Abruptly, a pillar of darkness appeared before us, which was less a pillar than a door that parted the grove, shoving everything to either side. It was a door filled with rippling shadow that I knew—because I had visited that world once, briefly—was wind laced with sand, painfully sharp. I smelled decaying bone, ashes, char.
In the end, I don’t think I could have stepped forward into that abyss had I not been so certain the king would have killed me if I turned back. So I suppose I have that to thank him for.

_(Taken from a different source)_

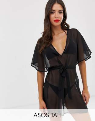 ASOS DESIGN Tall - Recycled - Chiffon strandtuniek met gestrikte taille in zwart
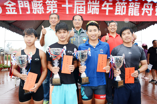 經過一天水上的拚博及在雨中的奮戰,二○一八金門縣第十屆端午節龍舟競賽各組成績昨天揭曉,金門農工A奪得社會男子組冠軍、社會女子組由金門農工C摘下冠軍、地主隊金寧鄉拿下鄉鎮組冠軍,與各組得獎隊伍,均由縣府教育處長李文良、金寧鄉長陳成勇、古寧頭雙鯉古地關帝廟管委會主委李開陣頒獎表揚,龍舟賽也劃下圓滿句點。 金門縣第十屆端午節龍舟競賽昨(十八)日假金寧鄉的古寧頭雙鯉湖舉行,總共有社會男子組、社會女子組及鄉鎮組的廿支龍舟隊下場比賽,競爭賽況頗為激烈,爭奪各組冠軍寶座和獎金。 端節龍舟賽賽程,鄉鎮組賽程第一輪分組計時,第二輪分組計時,總成績以前兩輪成績合併算排名冠軍、亞軍、季軍、殿軍。社會男子組賽程,第一輪分組計時(抽籤決定順序),第二輪分組計時(依第一輪成績一至十排序),(前兩輪成績合併計算取前八名進第三輪);第三前兩輪合併成績第一名至第四名爭冠軍、亞軍、季軍、殿軍,前兩輪合併成績第五名至第八名爭第五名至第八名。 另,社會女子組賽程,第一輪分組計時(抽籤決定順序),第二輪分組計時(依第一輪成績一至六排序)、(前兩輪成績合併計算取前六名進第三輪),第三輪前兩輪合併成績第一名至第四名爭冠軍、亞軍、季軍、殿軍,前兩輪合併成績第五名至第六名爭第五名至第六名。 經過一天各組各輪比賽,金門縣第十屆端午節龍舟競賽於昨天下午三時三十分舉行頒獎閉幕典禮,由李文良、陳成勇、李開陣頒獎表揚,各組成績如后: ◆社會男子組:冠軍:金門農工A;亞軍:金門農工B;季軍:金酒公司A;殿軍:金酒公司B;第五名:金鯊隊;第六名:第九岸巡隊;第七名:金門大學;第八名:Fulboaters2018。 ◆社會女子組:冠軍:金門農工C;亞軍:金門農工A;季軍:金門農工B;殿軍:農工校友隊;第五名:金門大學;第六名:金好野。 ◆鄉鎮組:冠軍:金寧鄉;亞軍:金沙鎮;季軍:金湖鎮;殿軍:金城鎮。 今年的端午節龍舟競賽劃下圓滿句點,縣府教育處長李文良表示,感謝有你們的支持,且有你們的努力,龍舟競賽賽程才能順利比賽完成,雖然天氣不理想,大家還是有熱情、活躍,使龍舟賽圓滿順利。 李文良特別報告表示,陳縣長指示明年端午節龍舟競賽擴大舉辦,也將雙鯉湖場地建置得更好;另,在今年的龍舟競賽也引進台灣龍舟協會的國際裁判,並對計時做了改善,未來對賽會舉行更加科學化,讓大家可以信賴! 最後,李文良再次感謝協助端午節龍舟競賽的伙伴們,更感謝選手積極的參與及訓練,使龍舟賽十分的精彩!

“Come, my love,” I said to Shadow. The dog gazed at the Veil with the same vague interest with which he gazed at any faerie door, or at least those that promised a certain variety of smells. This, too, steadied my resolve. I paused only to draw my scarf up over my mouth and nose and excavate a handkerchief with elaborate silver embroidery from my pocket, which I held out for Shadow to smell. It had been Queen Arna’s; Niamh had fetched it for me.
I stepped into the Veil with Shadow at my side.
I have never experienced a sandstorm, but I imagine the sensation would be similar. Yet in the Veil, it was less the feeling of sand than of ashes, eternally churned up by a dry, frigid wind. It was strong enough to nearly knock me over, and I adjusted my weight, leaning into it.